La dernière note d'information sur les migrations et le développement de la Banque mondiale, publiée le 26 juin 2024, révèle les montants des transferts de devises par les diasporas et leurs rôles dans le soutien économique des pays émergents. La diaspora algérienne a transféré 1,868 milliard de dollars au cours de l’année écoulée, soit plus de 68 millions de dollars par rapport à 2022.

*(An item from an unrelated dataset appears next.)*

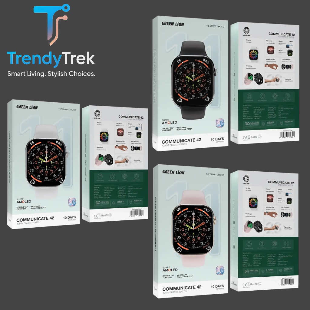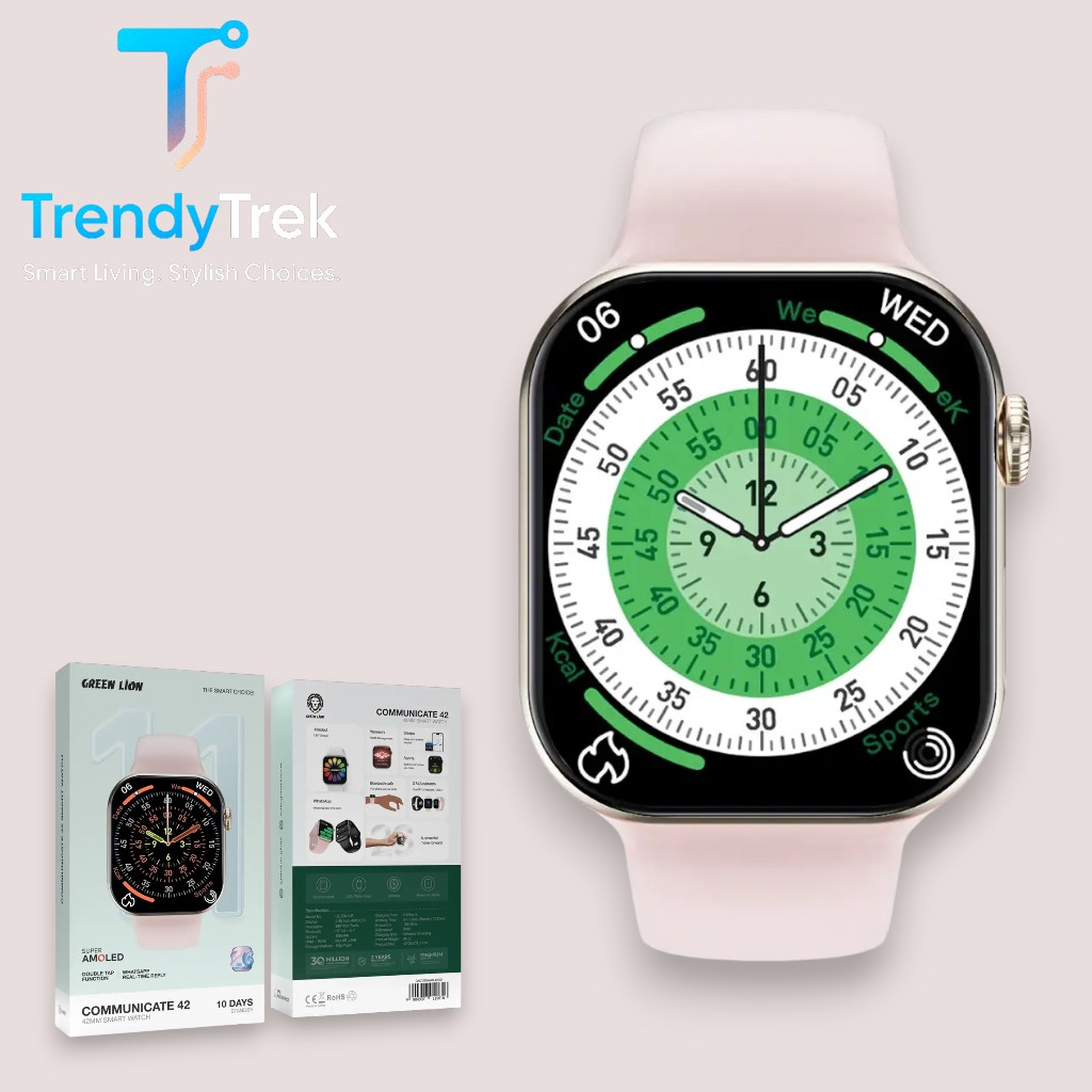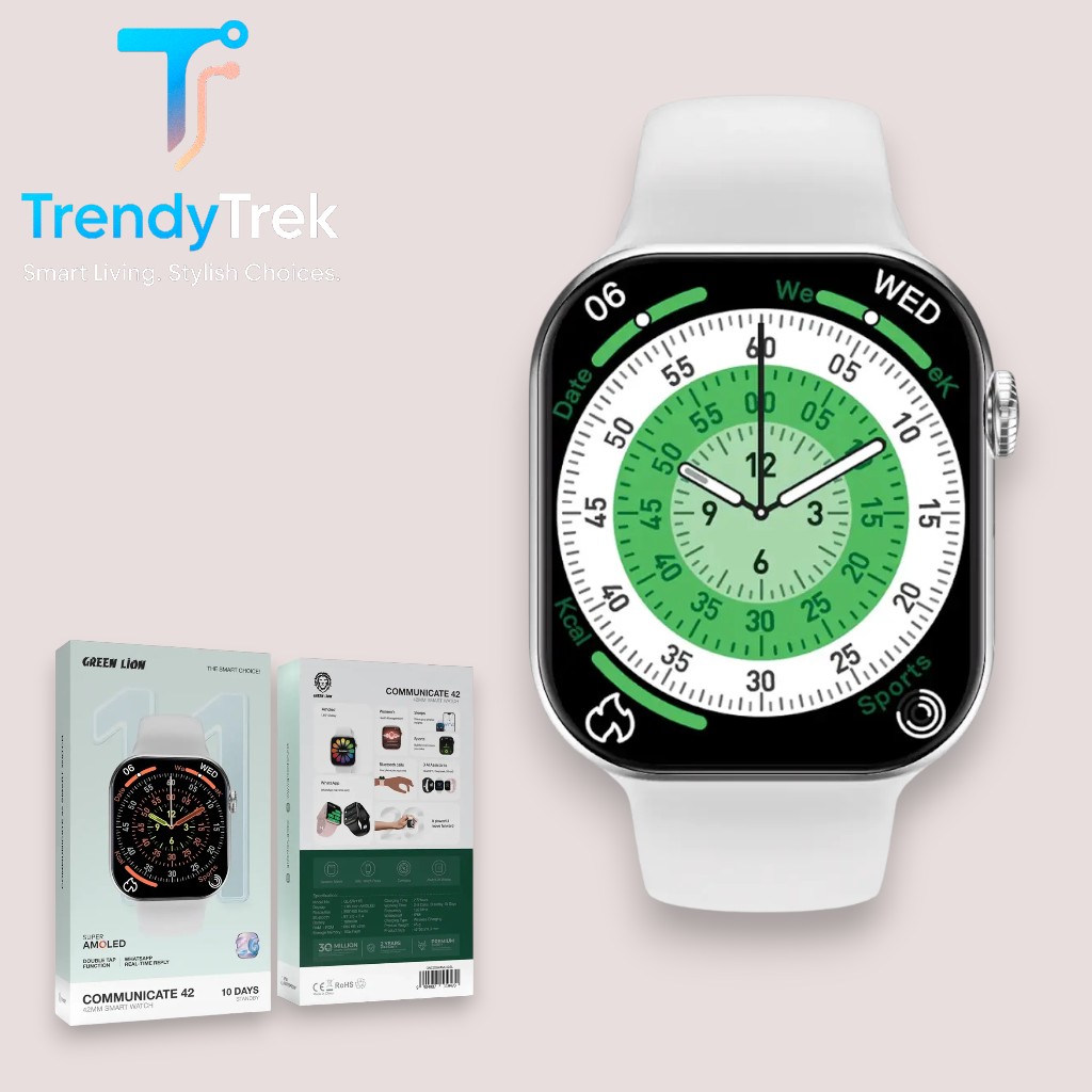 The Green Lion Communicate 42 Smart Watch – 42mm is designed for users who demand both aesthetics and intelligent functionality in one device. Featuring a large 1.85-inch AMOLED display with a 390×450 resolution, the screen delivers sharp visuals, rich colors, and excellent visibility for notifications, apps, and watch faces.

L'analyse de l'évolution des transferts de fonds de la diaspora algérienne depuis 2005 révèle une tendance générale à la hausse, bien que marquée par des fluctuations annuelles. En 2021, les transferts s'élevaient à 1,792 milliard de dollars, tandis qu'en 2020, ils étaient légèrement inférieurs à 1,7 milliard de dollars. Les années 2018 et 2019 ont connu des pics respectifs de 1,985 milliard et 1,786 milliard de dollars. Des montants similaires ont été observés en 2016 et 2017 avec respectivement 1,989 milliard et 1,792 milliard de dollars. En 2014, un record historique avait été atteint avec 2,452 milliards de dollars.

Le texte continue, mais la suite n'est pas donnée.